Warnecke et al. found 700 glycoside hydrolase (GH) catalytic domains corresponding to 45 CAZY families in the microbiome of wood-feeding termites7. In the microbiome of F. candida, we identified a comparable number of genes encoding for enzymes with a capacity to break down long chain carbohydrates such as starch, lignin and cellulose. In nature, these enzymes may aid F. candida in extracting nutrients from the plant biomass that constitutes part of its diet, as was suggested for the springtail O. cincta41.

A large number of glycoside hydrolases was also observed among F. candida foreign genes10. Interestingly, some of the foreign genes that were also best reciprocal hits between the genome and the metagenome of F. candida were identified as CAZymes (Supplementary File 2). HGT of cellulose-degrading enzymes has been previously observed in plant-feeding insects60 and may be an important mechanism providing soil invertebrates with advantageous traits for living in the soil61.
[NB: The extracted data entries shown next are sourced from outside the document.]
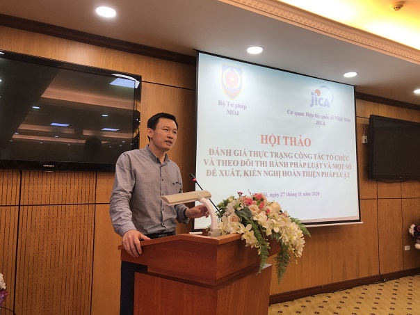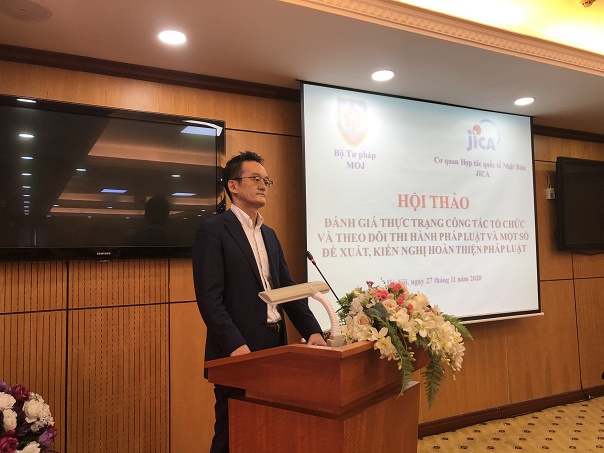 Sáng 27/11, Bộ Tư pháp và Dự án JICA đã phối hợp tổ chức Tọa đàm “Đánh giá thực trạng công tác tổ chức thi hành pháp luật và một số đề xuất, kiến nghị hoàn thiện pháp luật”. Ông Đặng Thanh Sơn, Cục trưởng Cục Quản lý xử lý vi phạm hành chính và theo dõi thi hành pháp luật, Bộ Tư pháp và ông Yokomaku Kosuke, Cố vấn trưởng, chuyên gia Dự án JICA đồng chủ trì Tọa đàm.
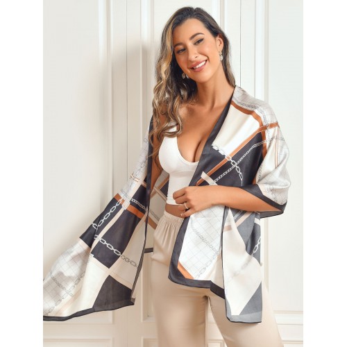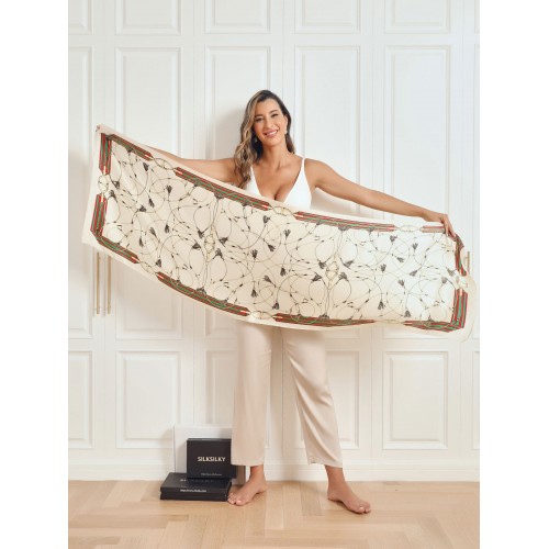 Made from premium mulberry silk. this scarf offers a beautifully smooth texture that drapes effortlessly. Its refined design brings a sophisticated touch suitable for both everyday wear and formal occasions. Lightweight and fluid. it can be styled in multiple ways—around the neck. as a headscarf. tied to a bag. or worn as an accessory accent—making it a truly versatile wardrobe essential that enhances any look with understated elegance.
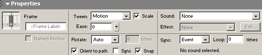 14. Click on the bats1 layer, frame1. Set the frame properties
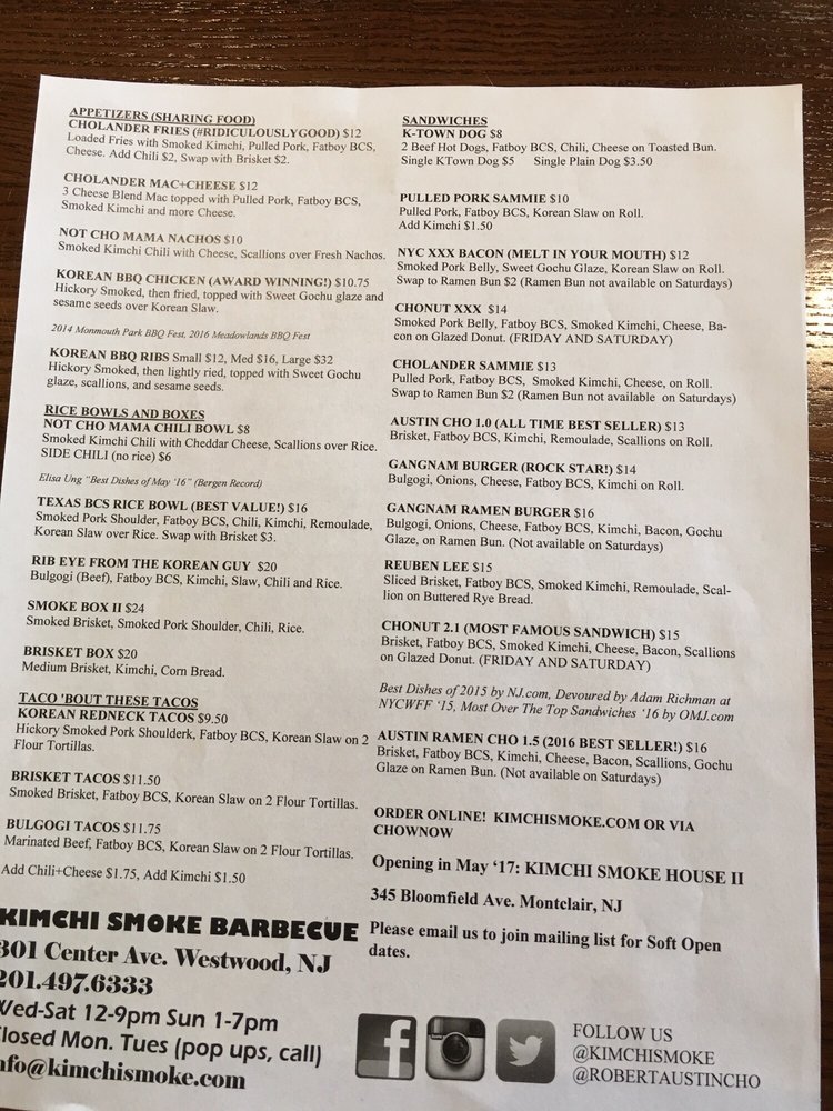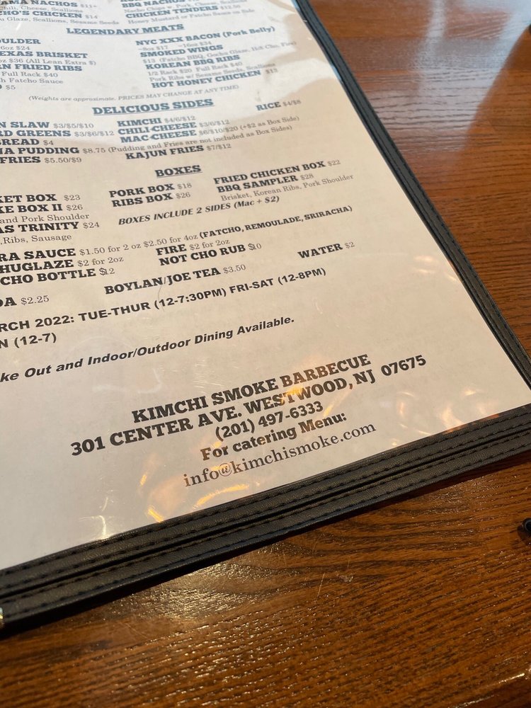 Welcome to Kimchi Smoke BBQ Shack, a cozy eatery located at 2 Godwin Ave, Ridgewood, NJ, where Korean flavors meet soulful Southern BBQ. Their menu boasts an impressive array of sandwiches, tacos, and hearty boxes, all featuring legendary meats that are expertly smoked for 12 hours. Try the NYC XXX Bacon—a perfectly juicy pork belly or dig into their award-winning Bad as Texas Brisket. The tacos are a must-try, offering unique combinations like the Austin Cho Tacos with smoked brisket, kimchi, and Fatcho sauce, all wrapped in soft corn tortillas.
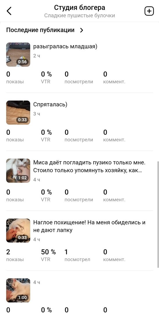 После смены монетизации с 1 августа, мой канал заработал позорные 580,53 руб. Очень печально, кстати. Но речь не о том. Изменились и условия подключения монетизации для новых каналов: 30 часов просмотров от подписчиков. Крутая цифра. Я не думала о создании канала: мне хватает уже существующих 3-х, на один из которых я совсем забила из-за отсутствия на него времени. Но сегодня, переходя с канала на канал, я случайно создала новый, просто нажав не на ту кнопку для входа через VK, а не через Яндекс. И пришла мысль: почему бы не провести эксперимент? Создам новый канал, буду постить ролики с котиками и морскими свинками. Котиков е все любят. Заполнила описание канала и добавила 5 роликов. Ссылку на канал не даю: хочу честный эксперимент своими силами. Много времени ведение канала не потребует, контент из кошек всегда под рукой. Зато интересно. Буду держать в курсе событий. Сейчас о результатах судить рано, но скажу, что спустя 4 часа после первой публикации, показов 2 штуки на все 5 роли
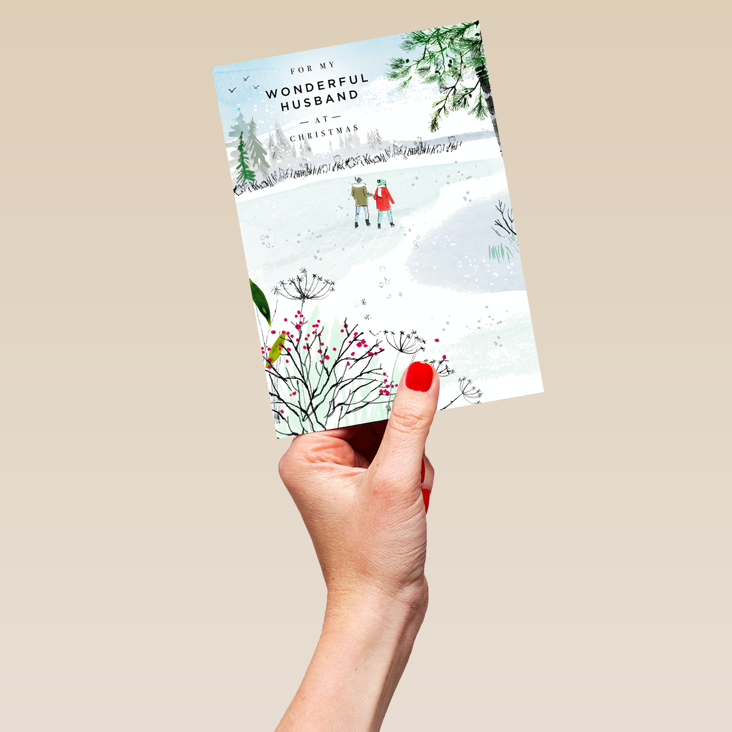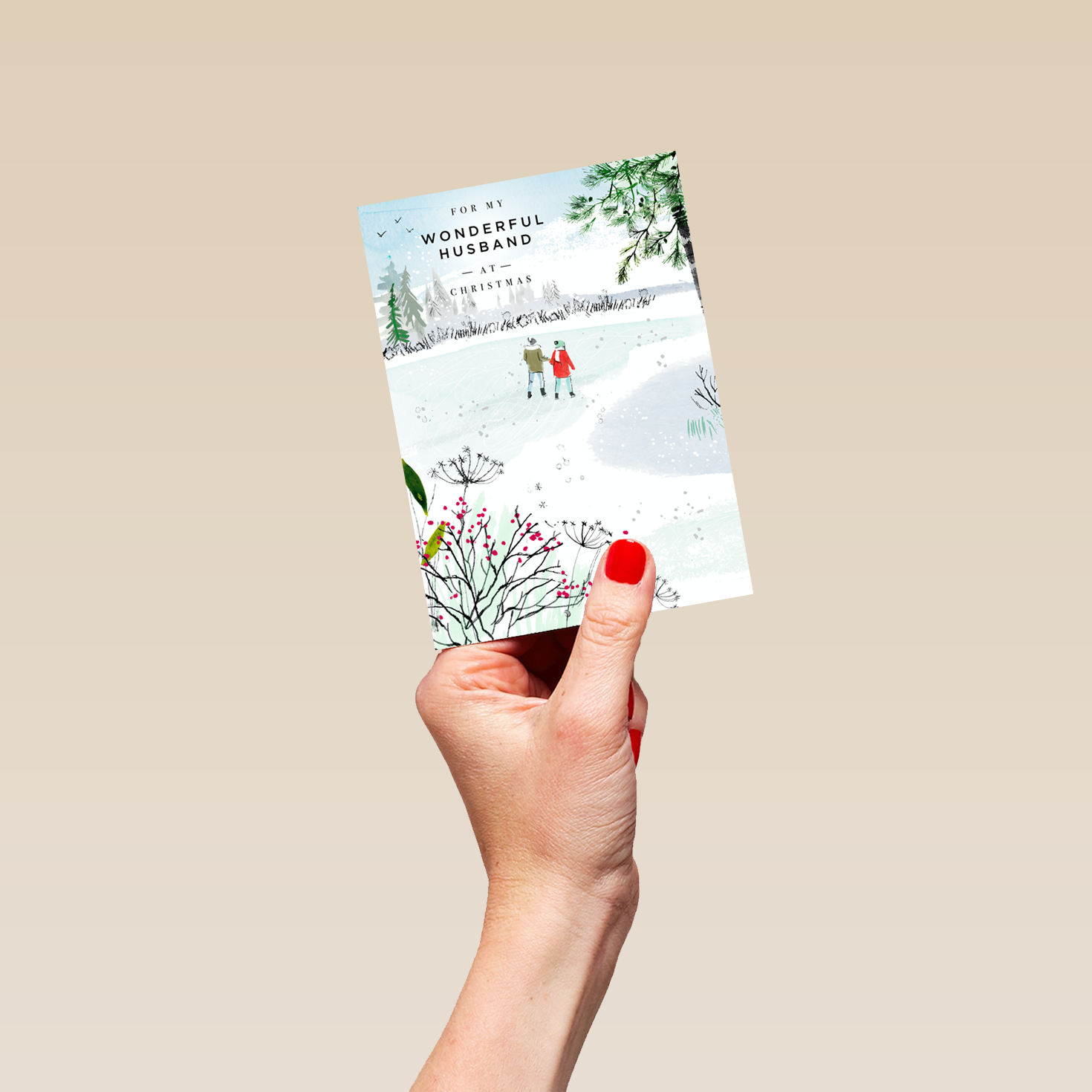 Show them you care with a personalised husband snow design card from Hallmark. Our Christmas cards are printed on premium quality, FSC®-certified card & delivered nationwide. This card is available as standard 12cm by 16.7cm and large 15.5cm by 21.6cm.
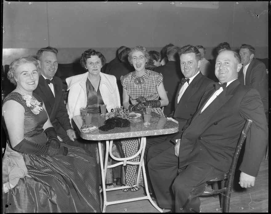This image was taken for a story that ran in The Manawatu Evening Standard on 30 May, 1959. "Members of the Returned Services Association at the R.S.A Ball last evening in the Astoria Ballroom. From left to right: Mrs A. Robson, Mr J. Gibbs, Mrs J. Gibbs, Mrs I. Dunford, Mr A. Robson and Mr I. Dunford."
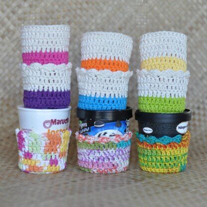 This wonderful little cozy will keep your fingers free from frostbite AND burns, looking super cute the whole time! The 16 oz. Cozy will fit almost every ice cream pint made! Plus, the 14 oz. Cozy will fit the smaller ice cream containers AND your Cup 'o Soup! Win ^_^

The microbiome of F. candida contained several pathways responsible for the biosynthesis of secondary metabolites. This is a class of compounds that are often involved in competition and interaction between species, and they may contribute to the establishment and the maintenance of a stable gut microbiota through the exclusion of transient or pathogenic microbes62,63. Secondary metabolites often find applications in the biotechnological and medical sector. The main contributors to the identified pathways seem to be Gordonia, Pseudomonas fluorescens, Bacillus and Streptomyces.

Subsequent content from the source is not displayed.